WORK INSTRUCTION — Extract the run of lines that starts at the top of the records below and ends at the line with "Par exemple, il", keeping both ends and excluding pictures.

──────── SUPPLIED MATERIAL

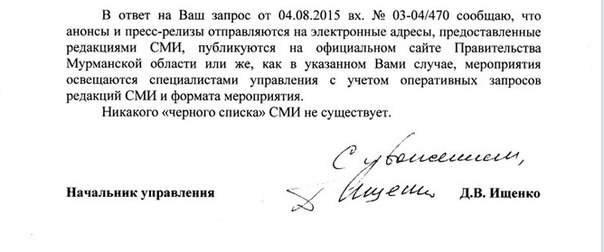 В управлении информационной политики и взаимодействия со СМИ правительства Мурманской области опровергают наличие «черных списков» для журналистов. В редакцию СеверПост пришел ответ на запрос, почему на встречу губернатора с руководством Центра подготовки космонавтов и Ассоциации гражданской авиации не были приглашены журналисты. Точнее были, но только из газеты «Мурманский вестник» и ГТРК «Мурман». В пресс-службе регионального правительства так и не объяснили, почему исключение было сделано для этих СМИ.
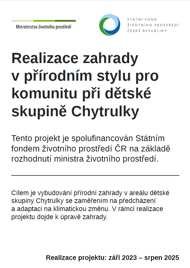 V naší dětské skupině proběhla v roce 2024 rekonstrukce zahrady za finanční podpory Státního fondu životního prostředí, kterou schválilo Ministerstvo životního prostředí. Tato přírodní zahrada slouží dětem i rodičům k environmentálnímu vzdělávání a výchově. Děti tak mají možnost poznávat některé přírodní zákonitosti, děje a jevy a učí se přímým sledováním a praktickými činnostmi vztahu k přírodě.
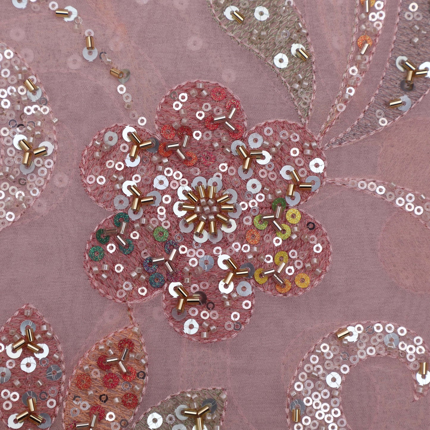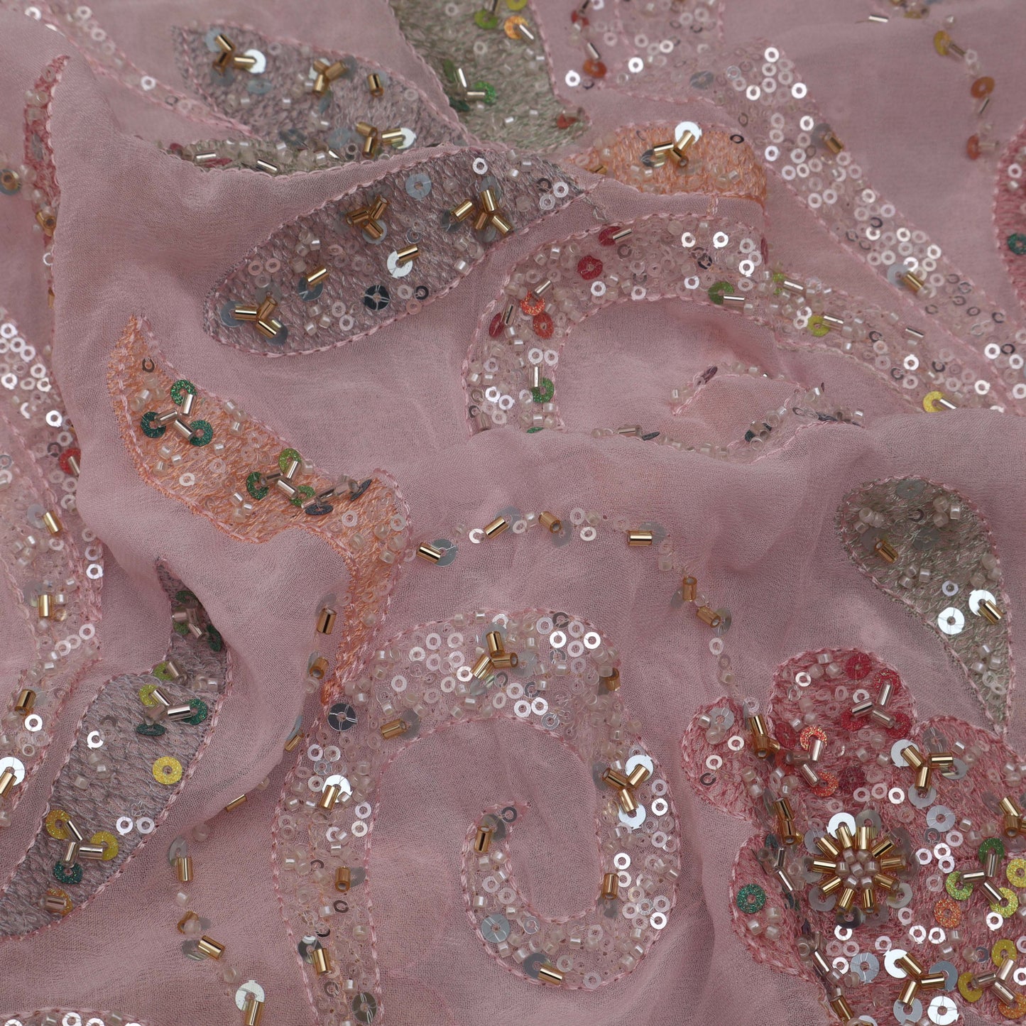 Pink Color Georgette Sequins Embroidery Fabric
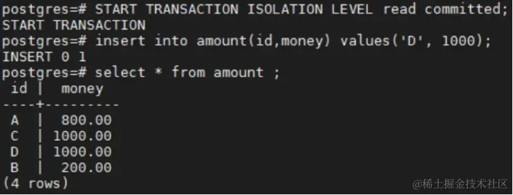 开启session2查询数据,只能查到前3行,未提交的D查不到:
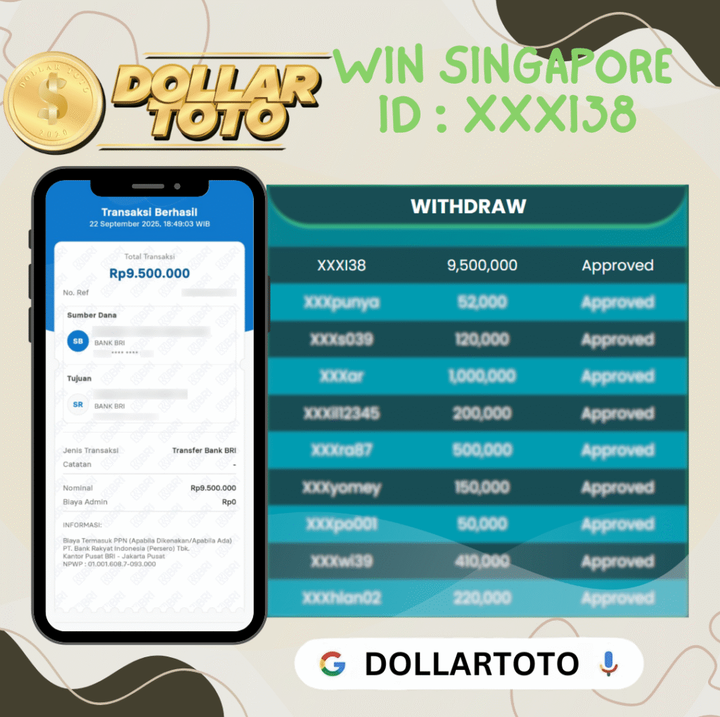 UNTUK MEMBER DOLLARTOTO DENGAN USER ID: XXXI38,
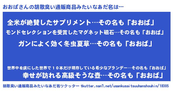 | 意味不明あだ名 | 『自称おおば』『とにかく怪しいおおば』 |
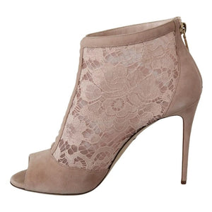 Dolce & Gabbana Beige Lace Suede Peep Toe Ankle Boots Shoes
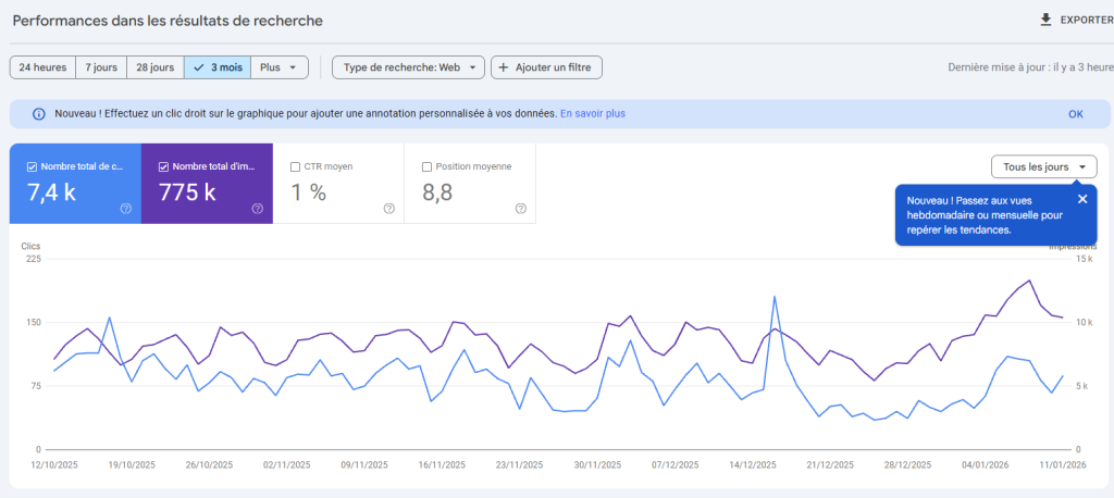 Par exemple, il permet d’identifier un article bien positionné mais sous-exploité, de corriger une page importante qui n’est pas indexée ou encore de détecter une baisse de visibilité avant qu’elle n’impacte fortement le trafic.
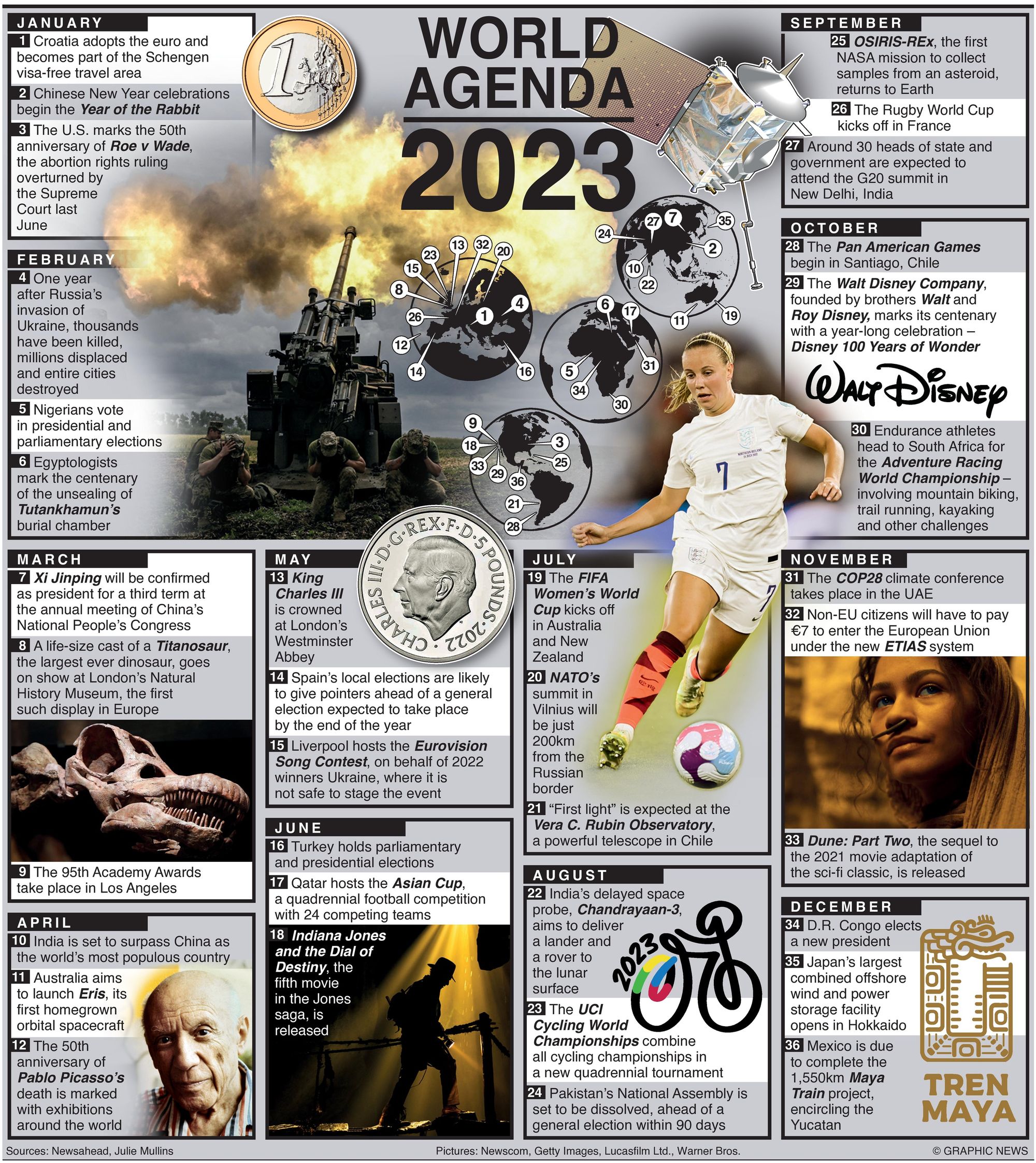 Selected events scheduled during 2023 include crucial elections in Nigeria, Spain, Turkey, Pakistan, and D.R. Congo and the first anniversary of Russia's invasion of Ukraine. Croatia adopts the euro, King Charles III is crowned at Westminster Abbey, and the Walt Disney Company marks its centenary. Sporting highlights include the FIFA Women's World Cup, the Rugby World Cup, Pan American Games, and the Asian Cup.
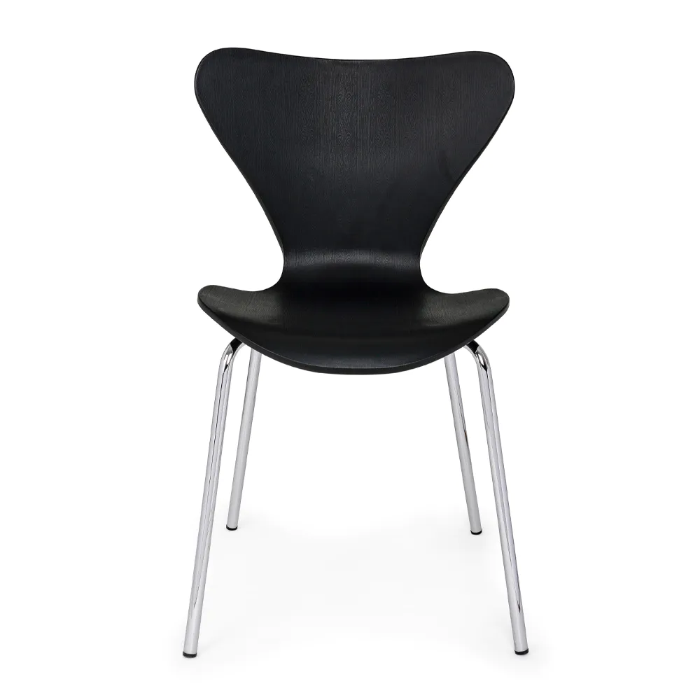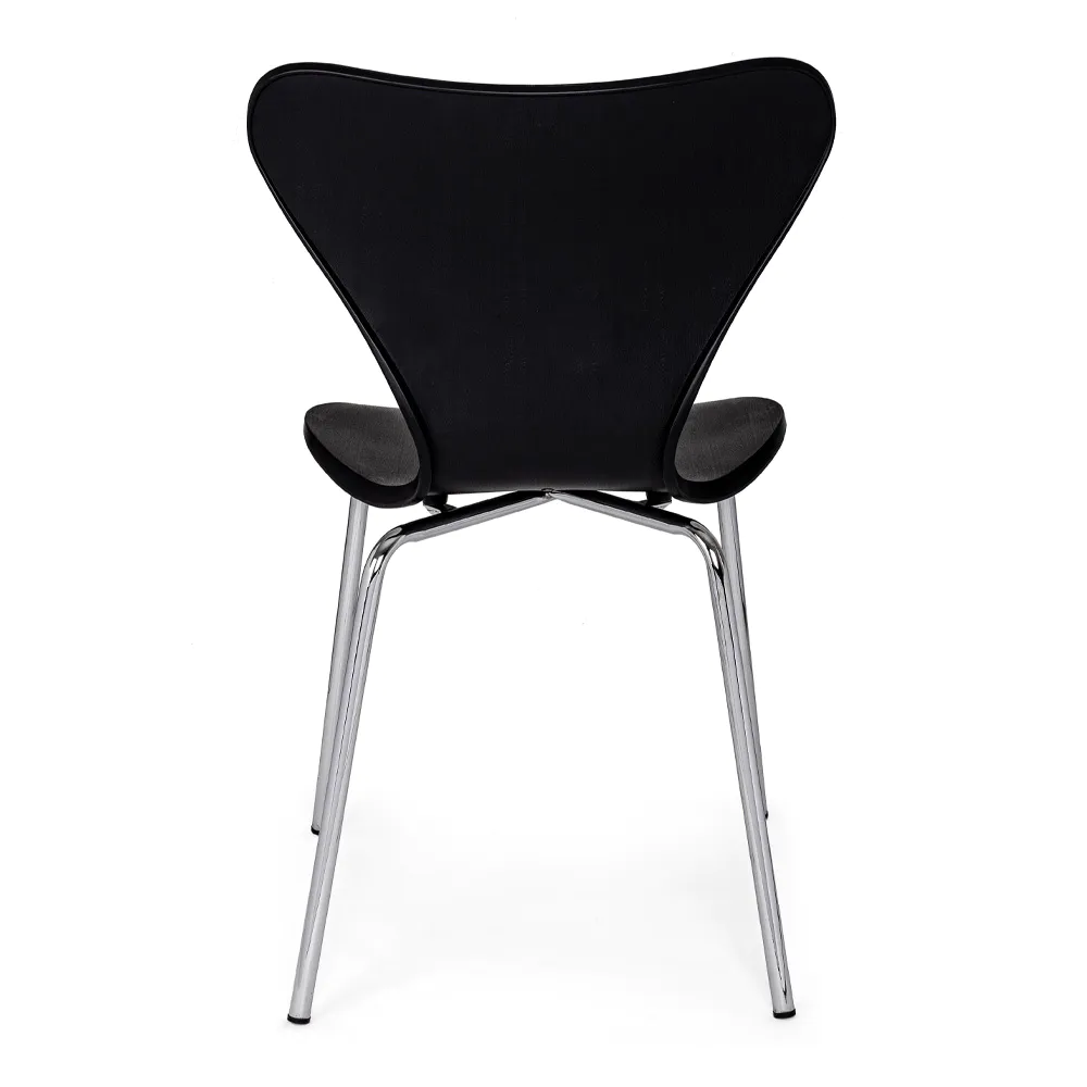 Le gambe in acciaio cromato, da assemblare con facilità, conferiscono stabilità e brillantezza alla struttura, creando un contrasto elegante con la semplicità della seduta.
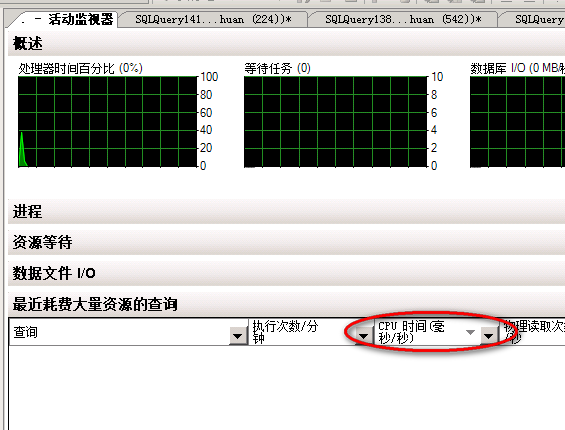 2、從最容易入手的低效SQL開(kāi)始,考慮是不是最近業(yè)務(wù)做了什么修改?連接到該SQL實(shí)例,打開(kāi)活動(dòng)監(jiān)視器,展開(kāi)“最近耗費(fèi)大量資源的查詢”,并CPU時(shí)間倒序,在這里并未發(fā)現(xiàn)有即時(shí)的耗費(fèi)資源的查詢。據(jù)個(gè)人經(jīng)驗(yàn),這里的值如果是4位數(shù),分鐘內(nèi)執(zhí)行次數(shù)3位數(shù),一般的服務(wù)器CPU大概就10%以上,如果cpu時(shí)間那里是5位數(shù),且分鐘內(nèi)執(zhí)行次數(shù)也很高,幾百次以上,那CPU一般就會(huì)不淡定了。圖片僅為演示

────────────────

EXERCISE SOLUTION —
 В управлении информационной политики и взаимодействия со СМИ правительства Мурманской области опровергают наличие «черных списков» для журналистов. В редакцию СеверПост пришел ответ на запрос, почему на встречу губернатора с руководством Центра подготовки космонавтов и Ассоциации гражданской авиации не были приглашены журналисты. Точнее были, но только из газеты «Мурманский вестник» и ГТРК «Мурман». В пресс-службе регионального правительства так и не объяснили, почему исключение было сделано для этих СМИ.
 V naší dětské skupině proběhla v roce 2024 rekonstrukce zahrady za finanční podpory Státního fondu životního prostředí, kterou schválilo Ministerstvo životního prostředí. Tato přírodní zahrada slouží dětem i rodičům k environmentálnímu vzdělávání a výchově. Děti tak mají možnost poznávat některé přírodní zákonitosti, děje a jevy a učí se přímým sledováním a praktickými činnostmi vztahu k přírodě.
 Pink Color Georgette Sequins Embroidery Fabric
 开启session2查询数据,只能查到前3行,未提交的D查不到:
 UNTUK MEMBER DOLLARTOTO DENGAN USER ID: XXXI38,
 | 意味不明あだ名 | 『自称おおば』『とにかく怪しいおおば』 |
 Dolce & Gabbana Beige Lace Suede Peep Toe Ankle Boots Shoes
 Par exemple, il permet d’identifier un article bien positionné mais sous-exploité, de corriger une page importante qui n’est pas indexée ou encore de détecter une baisse de visibilité avant qu’elle n’impacte fortement le trafic.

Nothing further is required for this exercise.